I was assuming that exception handlers would be like int3 and are in
general cases that would be places that are atomic and don't allow
scheduling.  I admit I don't know the PREEMPT_RT rules though.


>> Further this code is buggy.  TIF_NOTIFY_RESUME is not the correct
>> flag to set to enter into exit_to_usermode_loop.  TIF_NOTIFY_RESUME is
>> about that happens after signal handling.  This very much needs to be
>> TIF_SIGPENDING with recalc_sigpending and friends updated to know about
>> "task->force_info".
>> 
>> Does someone own this problem?  Can that person please fix this
>> properly?
>
> Sure. Instead setting TIF_NOTIFY_RESUME you want the code updated to use
> recalc_sigpending() only. Or do you have other suggestions regarding
> fixing this properly?

The rule with TIF_SIGPENDING (which should be used if this technique is
used at all), is that recalc_sigpending needs to know how to test if
the signal is still pending.

>> I really don't think it is going to be maintainable for PREEMPT_RT to
>> maintain a separate signal delivery path for faults from the rest of
>> linux.
>
> Okay.

We have a few other cases where we deliver signals from interrupts.
Off the top of my head there is SAK and magic sysrq, but I think there
are more.  So I am also not convinced that all signals you care about
will go through force_sig_info_to_task.

What I really don't know and this is essentially a PREEMPT_RT question
is what makes int3 special?  Why don't other faults have this problem?

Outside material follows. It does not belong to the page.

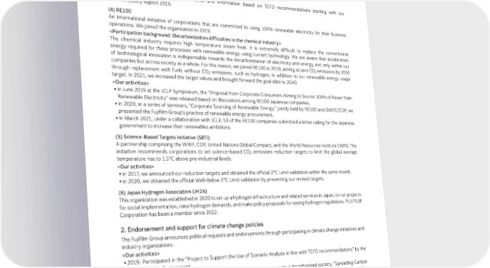 Environmental Aspects (3) Task Force for Climate-related Financial Disclosure (TCFD) An organization that advises corporations on disclosing financial information concerning climate change risks and opportunities. We announced our endorsement of the TCFD recommendations in December 2018. ● Joined the TCFD Support Project by the Ministry of the Environment in 2019. ● Joined the TCFD Consortium in 2019. ● Began disclosing environmental analyses and information based on TCFD recommendations starting with our Sustainability Report 2019. (4) RE100 An international initiative of corporations that are committed to using 100% renewable electricity for their business operations. We joined the organization in 2019. The chemical industry requires high temperature steam heat. It is extremely difficult to replace the conventional energy required for these processes with renewable energy using current technology. We are aware that acceleration of technological innovation is indispensable towards the decarbonization of electricity and energy, not only within our companies but across society as a whole. For this reason, we joined RE100 in 2019, aiming at zero CO emissions by 2050 2 through replacement with fuels without CO emissions, such as hydrogen, in addition to our renewable energy usage 2 target. In 2021, we increased the target values and brought forward the goal date to 2040. ● In June 2019 at the JCLP Symposium, the “Proposal from Corporate Consumers Aiming to Source 100% of Power from Renewable Electricity” was released based on discussions among RE100 Japanese companies. ● In 2020, in a series of seminars, “Corporate Sourcing of Renewable Energy,” jointly held by RE100 and GWEC/CDP, we presented the Fujifilm Group’s practice of renewable energy procurement. ● In March 2021, under a collaboration with JCLP, 53 of the RE100 companies submitted a letter calling for the Japanese government to increase their renewables ambitions. (5) Science-Based Targets initiative (SBTi) A partnership comprising the WWF, CDP, United Nations Global Compact, and the World Resources Institute (WRI). The initiative recommends corporations to set science-based CO emissions reduction targets to limit the global average 2 temperature rise to 1.5°C above pre-industrial levels. ● In 2017, we announced our reduction targets and obtained the official 2°C Limit validation within the same month. ● In 2020, we obtained the official Well-Below 2°C Limit validation by presenting our revised targets. (6) Japan Hydrogen Association (JH2A) This organization was established in 2020 to set up a hydrogen infrastructure and related services in Japan, to run projects for social implementation, raise hydrogen demands, and make policy proposals for easing hydrogen regulations. FUJIFILM Corporation has been a member since 2022. 2. Endorsement and support for climate change policies The Fujifilm Group announces political requests and endorsements through participating in climate change initiatives and industry organizations. ● 2019: Participated in the “Project to Support the Use of Scenario Analysis in line with TCFD recommendations” by the Ministry of the Environment. ● 2020: Participated in the Ministry of the Environment’s project to promote a decarbonized society, “Spreading Carbon Neutral – Senior Management Talks about Decarbonization” through our video. The video introduced the Fujifilm Group’s anti-climate change efforts, such as the 100% switch to wind energy in FUJIFILM Manufacturing Europe B.V. in the Netherlands in 2016, and setting group targets for renewable energy usage in 2019. ● Participating in projects by the New Energy and Industrial Technology Development Organization (NEDO), “Development of Continuous Production and Process Technologies of Fine Chemicals” and “Artificial Photosynthesis.” We were listed among the corporations under the Zero Emissions Challenge 2021, which covers companies participating in projects related to the Environment Innovation Strategy, under the Ministry of Economy, Trade and Industry. ● Keidanren Carbon Neutrality Action Plan (former Commitment to a Low Carbon Society) Cross-border voluntary efforts by the business community aiming at carbon neutrality by 2050. The plan is designed to encourage corporations to create their carbon neutrality visions and monitor their progress by undertaking checking 77 FUJIFILM Holdings Corporation Sustainability Report 2023

I remember there was a change where we had threaded interrupt handlers
to get around this for interrupt service routines.  I wonder if we need
to do something similar with faults.  Have a fast part and a threaded
part that runs in a schedulable way.  Although given that for a fault
you need to be fundamentally bound to the task/thread you faulted from
it probably just means having a way to switch to a kernel stack that you
can schedule from, and not use a reserved per cpu stack.  The
task_struct would certainly need to stay the same for all of the pieces.

Or maybe for PREMPT_RT you pick the i386 mechanism.  How does PREEMPT_RT
deal with page faults, or general protection faults?

This is my long winded way of saying that I rather expect that if
PREEMPT_RT is going to call code it has modified to be sleeping that it
would also make it safe for that code to sleep.

Further (and this is probably my ignorance) I just don't see what makes
any of this specific to just int3.  Why aren't other faults affected?

Eric